What is electricity trading?

Electricity trading is the process of power generators selling the electricity they generate to power suppliers, who can then sell this electricity on to consumers. The system operator – National Grid ESO in Great Britain – oversees the flow of electricity around the country, and ensures the amounts traded will ultimately meet demand and do not overwhelm the power system.

Who is involved in electricity trading?

There are three main parties in a power market: generators (thermal power plants and energy storage sites, sources such as wind turbines and solar panels producing electricity), consumers (hospitals, transport, homes and factories using electricity), and suppliers in the middle from whom you purchase electricity.

Electricity is generated at power stations, then bought by suppliers, who then sell it on to meet the needs of the consumers.

Electricity trading refers to the transaction between power generators, who produce electricity, and power suppliers, who sell it on to consumers.

How are electricity contracts made?

Electricity trading occurs in both long- and short-term time frames, ranging from years in advance to deals covering the same day.

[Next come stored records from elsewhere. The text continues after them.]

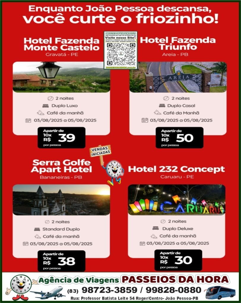 Ofertas de Hotéis (todos com 2 noites e café da manhã, período de 03/08/2025 a 05/08/2025):
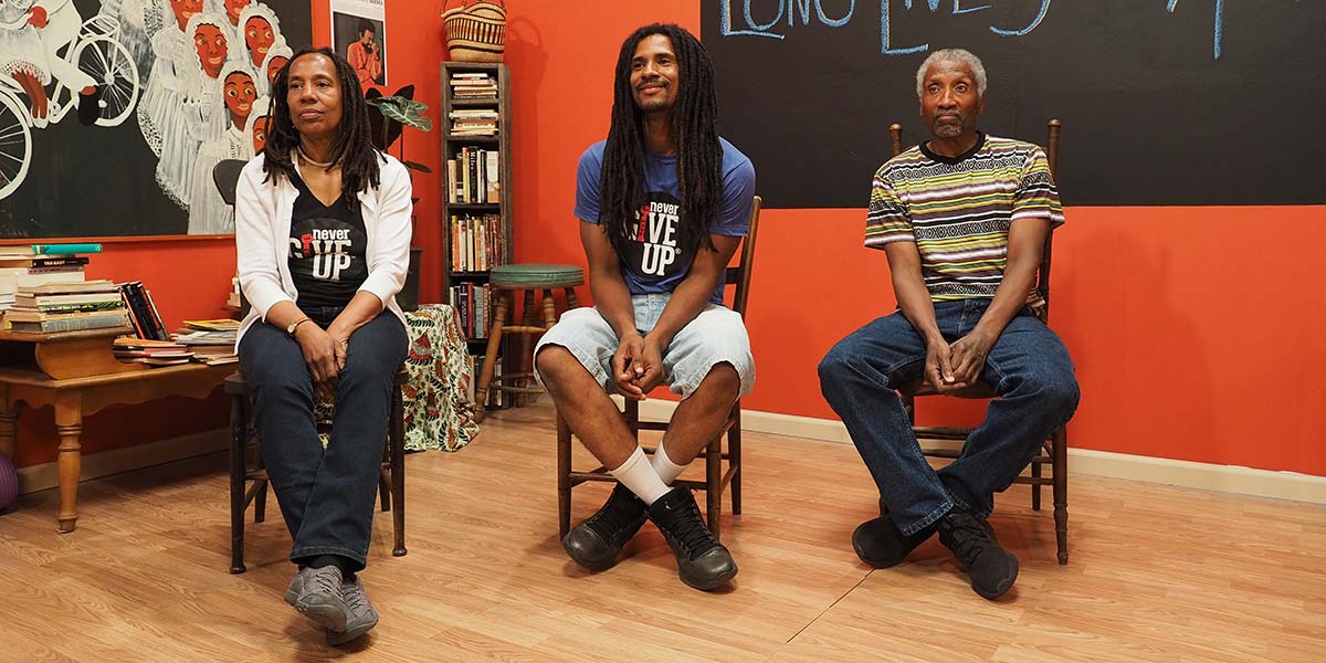 But The Inheritance is more than this. Archival footage of the aftermath of the 1985 police bombing of Philadelphia Black liberation group, MOVE, is interspersed throughout the film, reminding viewers of the violent, government-sanctioned force that has historically been used against Black communities. Yet the film is not only a documentary about the maligned, eco-socialist group. It also serves to recreate the spirit of a Black Marxist organization in West Philadelphia that Asili himself spent time with. Through conversations, poetry readings, and a workshop on the Nuer language, the filmmaker’s present-day, semi-fictionalized collective remembers the teachings of the Black Arts Movement and MOVE founder John Africa, while reinforcing its own cultural identity. Embodying the director’s description of the film as a “speculative re-enactment” of his own experiences, The Inheritance is playfully didactic and joyous in its creation of a safe space to nurture, discuss, and celebrate Black culture.
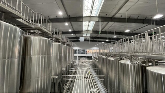 由山東申東智能裝備有限公司和青島貝斯特釀造工程技術有限公司攜手參與設計、制造、安裝、調試的濟南明府城文旅精釀啤酒項目已于2023年6月正式投產,該項目可實現年產5萬千升精釀啤酒。
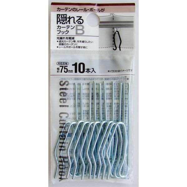 カーテンフック Bタイプ 10個入り 大 芯地巾 75mm (メール便・送料無料)金属 金具 セイワ・プロ
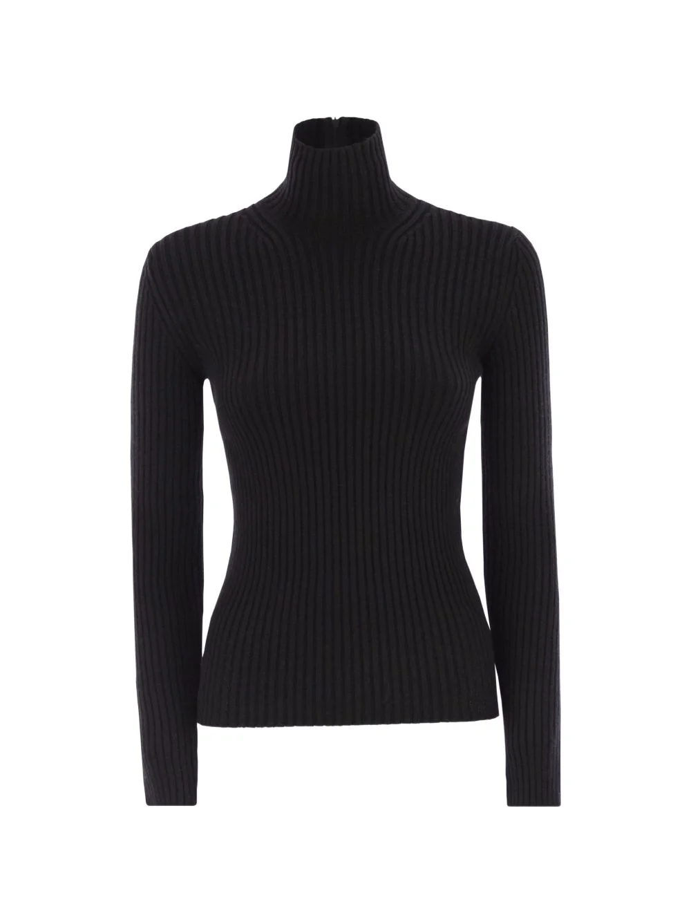 ribbed turtleneck jumper Highlights - Black - Ribbed knit - High neck - Long sleeves - Half zip - Enamelled slider Made in Italy Composition Wool 66%, Cashmere 28%, Polyamide 5%, Spandex/Elastane 1% Washing instructions Read Manufacturer Guidelines
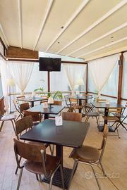 Il locale ha due ampie vetrine su strada principale che garantiscono la massima visibilità e molta luminosità, spazio per accogliere circa 40 posti a sedere tra l'interno e lo spazioso dehor coperto su suolo privato facente parte della locazione.
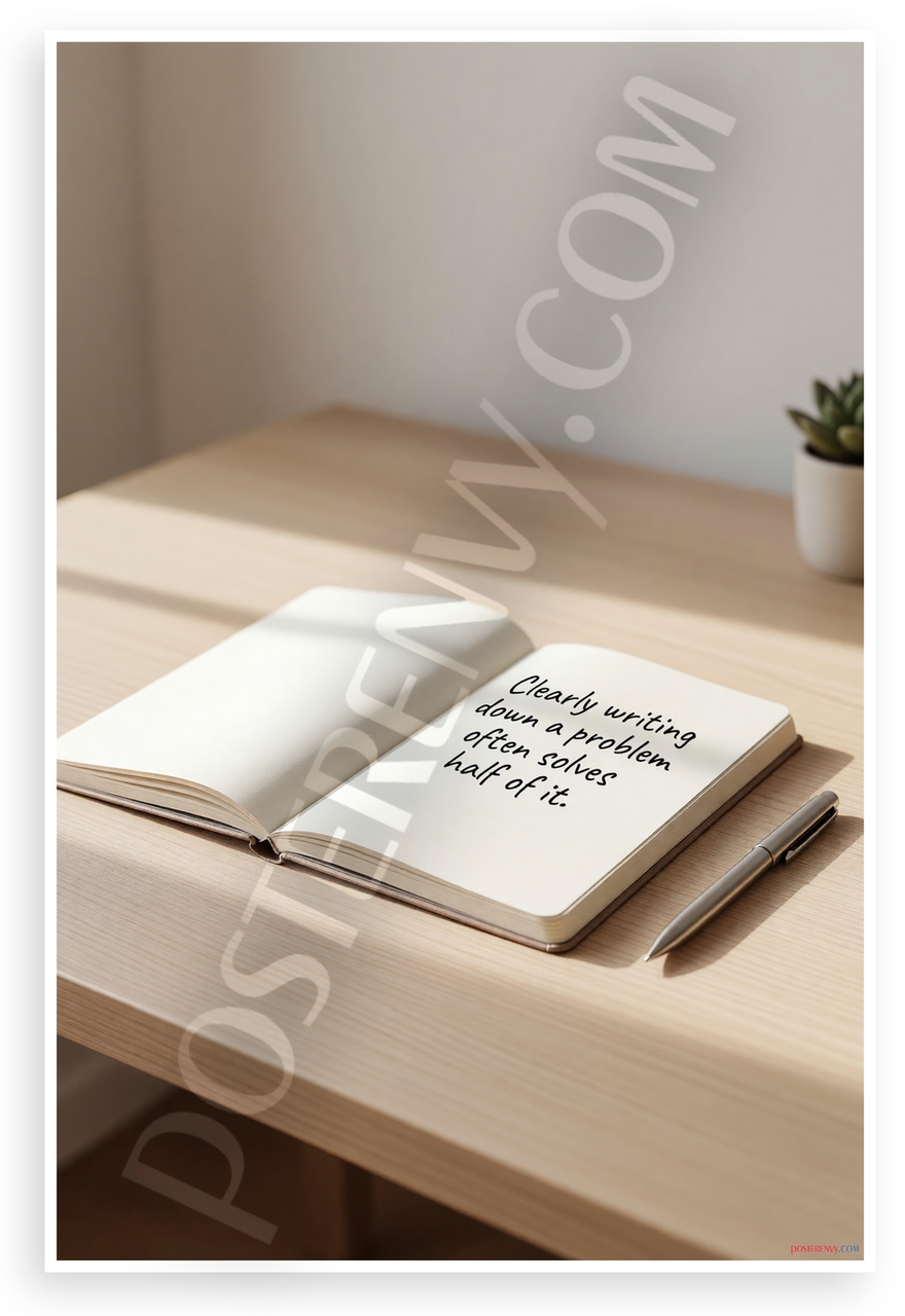 This 12x18 inch poster is printed on premium, durable paper. Proudly Made in the USA by PosterEnvy. The perfect size for any room. PosterEnvy is a family owned business, delivering top-notch posters around the world for over 20 years. Our posters are designed to last — they won't fade or pucker for years of enjoyment. Every poster features crisp, vivid artwork. We are a solar powered company. This serene minimalist design depicts an open notebook on a wooden desk with a pen, soft natural light, and a small succulent plant, paired with the motivational quote "Clearly writing down a problem often solves half of it." Ideal for inspiring clarity and productivity.

Generation and supply must meet exact demand for every minute of the day, which means that traders must always be ready to buy or sell power to fill any sudden gaps that arise.

When trading electricity far in advance, factors such as exchange rates, the cost and availability of fuel, changing regulations and policies all affect the price. Short-term price is more volatile, and factors such as weather, news events and even what’s on television having the biggest impact on price. 

Traders analyse live generation data and news reports, to predict ahead of time how much electricity will be needed during periods of high demand and then determine a price. Traders then make offers and bids to suppliers and strike a deal – these deals then dictate how and when a power station’s generators are run every day.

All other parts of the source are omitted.